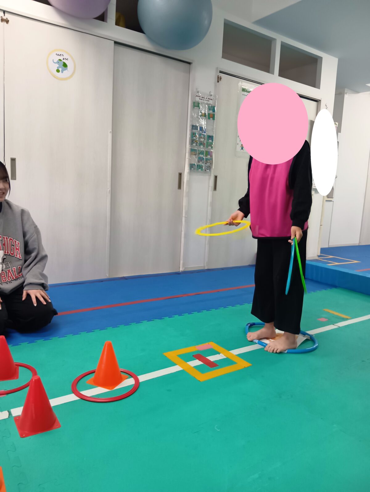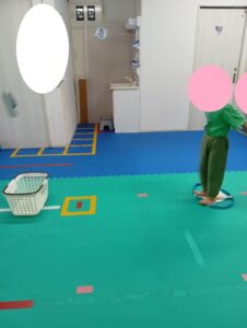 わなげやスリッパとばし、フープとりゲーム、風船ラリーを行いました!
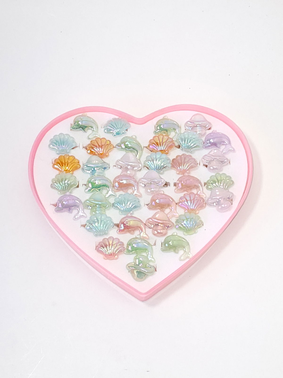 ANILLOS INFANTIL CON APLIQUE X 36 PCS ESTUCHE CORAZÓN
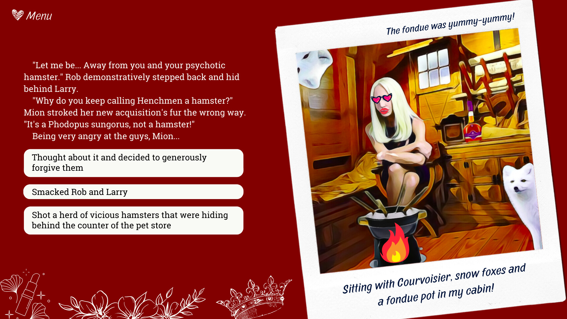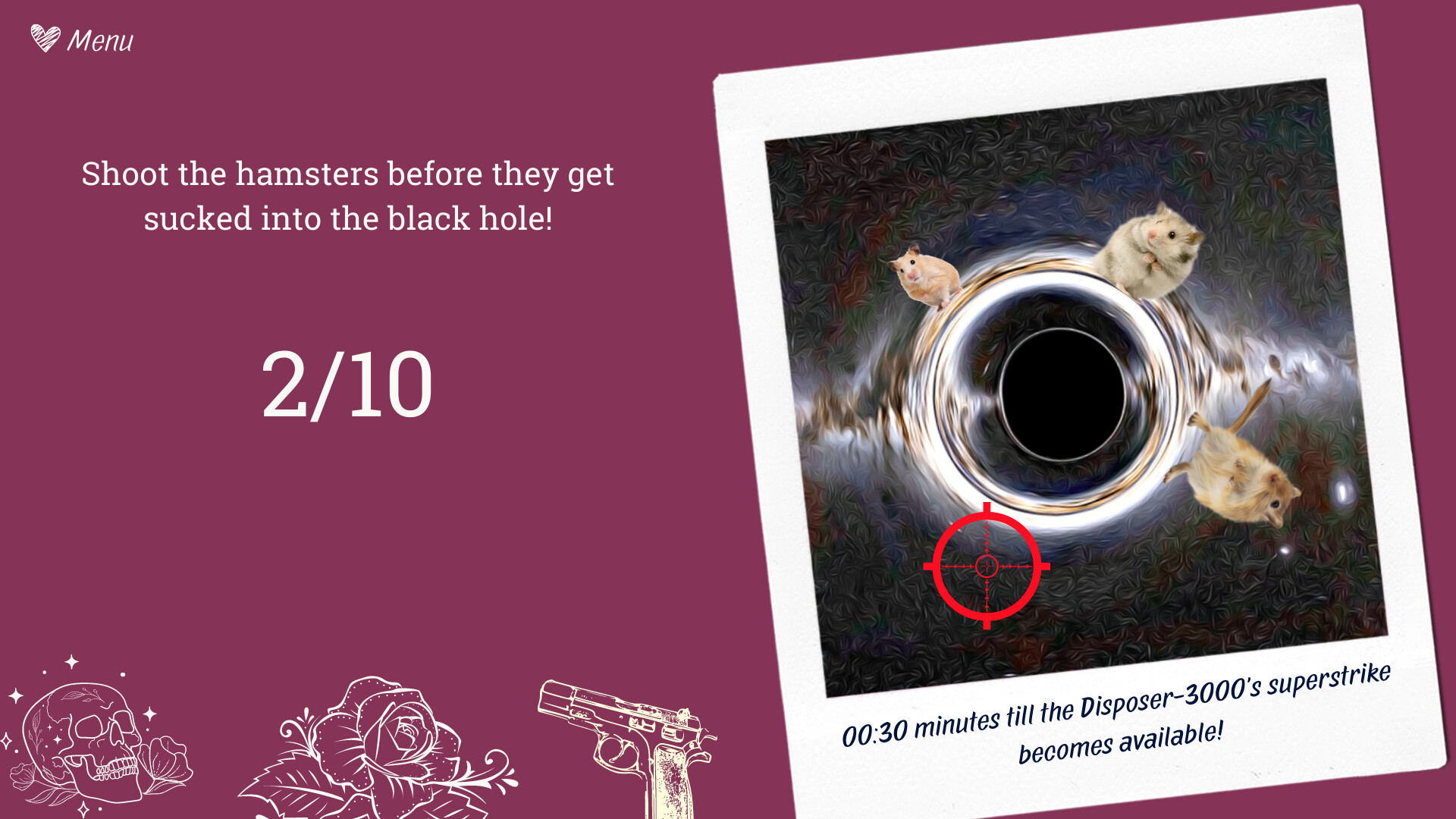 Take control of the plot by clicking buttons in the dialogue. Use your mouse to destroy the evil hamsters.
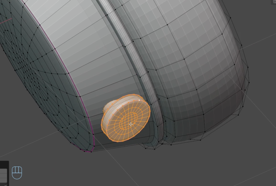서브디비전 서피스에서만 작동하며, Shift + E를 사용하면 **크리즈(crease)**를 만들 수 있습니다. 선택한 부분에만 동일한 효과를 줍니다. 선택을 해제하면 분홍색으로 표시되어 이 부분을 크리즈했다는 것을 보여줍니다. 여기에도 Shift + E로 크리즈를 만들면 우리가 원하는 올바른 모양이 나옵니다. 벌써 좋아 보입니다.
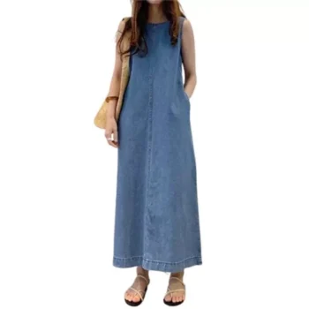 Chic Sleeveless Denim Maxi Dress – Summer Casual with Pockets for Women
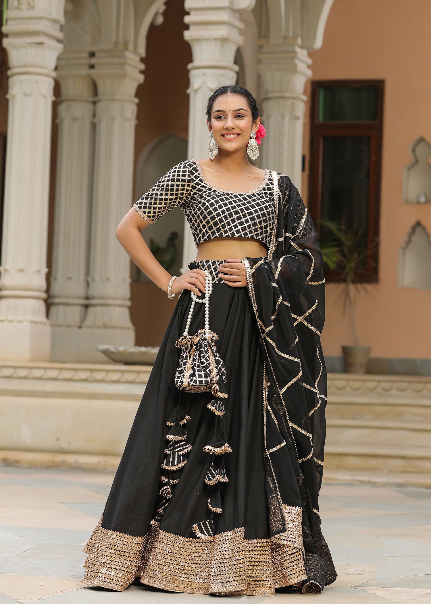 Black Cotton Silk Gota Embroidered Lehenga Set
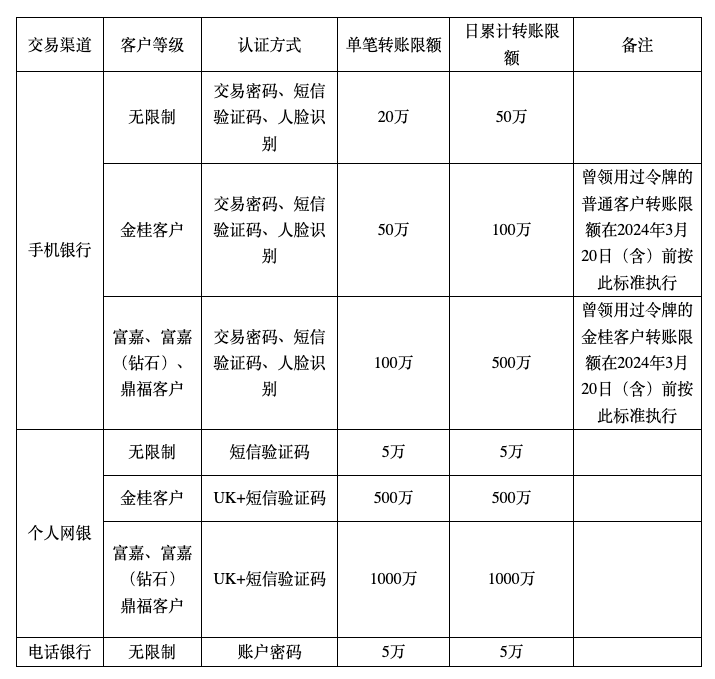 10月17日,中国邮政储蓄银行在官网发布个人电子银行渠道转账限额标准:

---

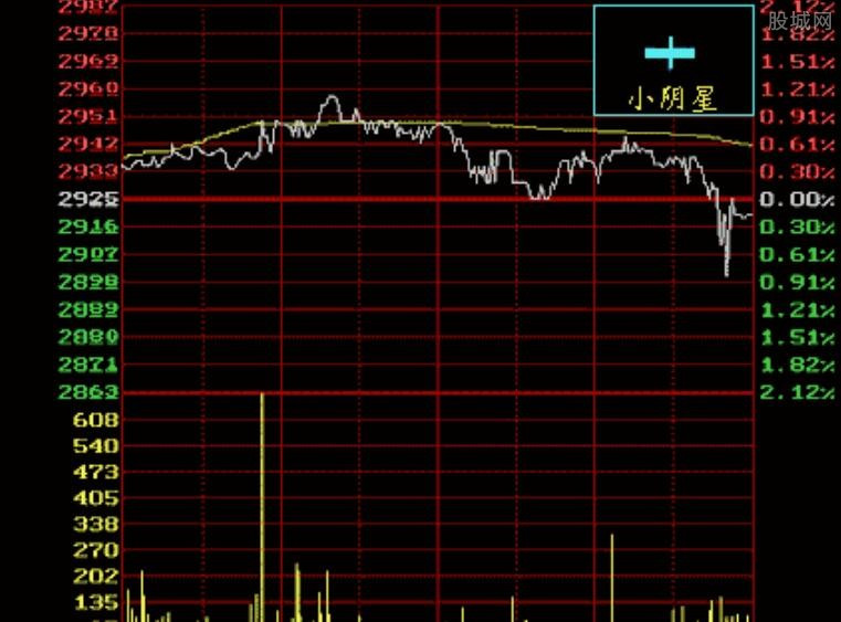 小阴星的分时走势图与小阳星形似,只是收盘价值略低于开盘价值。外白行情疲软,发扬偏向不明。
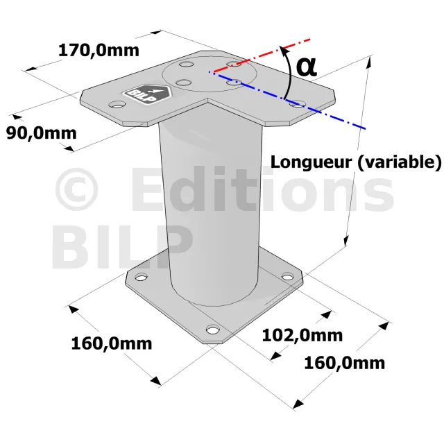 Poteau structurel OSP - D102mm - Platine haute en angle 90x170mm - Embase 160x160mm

Exercise details:
Range to print from the listing above: from the line with "ANILLOS INFANTIL CON" up to and including the line with "Take control of". Please print those lines exactly, with no pictures and nothing more.

Finished exercise:
 ANILLOS INFANTIL CON APLIQUE X 36 PCS ESTUCHE CORAZÓN
 Take control of the plot by clicking buttons in the dialogue. Use your mouse to destroy the evil hamsters.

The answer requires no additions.